No small task to fix our broken culture

We have all heard “the only thing that is constant in today's world is change.” Certainly technology keeps changing by its own dynamic and in response to market incentives.

But there are other constants, not the least of which is our constant resistance to meaningful learning. ("You do not understand what I am saying because you cannot bear to hear it.") From Confucius and Socrates to Jefferson, Schweitzer, Veblen, Jung, Vance Packard, Ralph Nader and John W. Gardner ("Excellence," "Self-Renewal," "Recovery of confidence") have become legacies of hope and practical wisdom, too often going in one ear and out the other.
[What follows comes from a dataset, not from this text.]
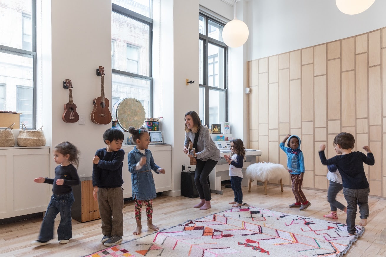 Каждое утро в классах начинается с живой музыки, а затем наступает время для йоги и медитации. Фото: Laurian Ghinitoiu. Источник изображения: BIG

False prophets, on the other hand, have their way today in part because they know how to be entertaining while pulling the wool over your eyes; saxophone presidents and reruns of mind-warping sitcoms. Economist John Maynard Keynes wrote, ”The ideas of political philosophers both when they are right and when they are wrong, are more powerful than is commonly understood. Indeed, the world is ruled by little else.”

Expand that to include myths, secular and otherwise, and seductive ideas of propagandists in general and you begin to see how America's sick culture got this way, bereft of common sense, decency, efficiency and human sentience.

Causes and symptoms include anything-goes media, irresponsible government, self-serving financial sector, stagnant economy, obscene disparities of wealth and social power, skewed product mix, $3 trillion sick-care industry, and addictions of choice — “devices,” sports, drugs, sex, ubiquitous gambling from stock markets to state lotteries and casinos.

Jefferson said no nation can be both ignorant and free. After decades of pretense and denial, citizens are beginning to emerge from innocence. It's time now for the hard thinking and personal effort needed to repair our broken culture.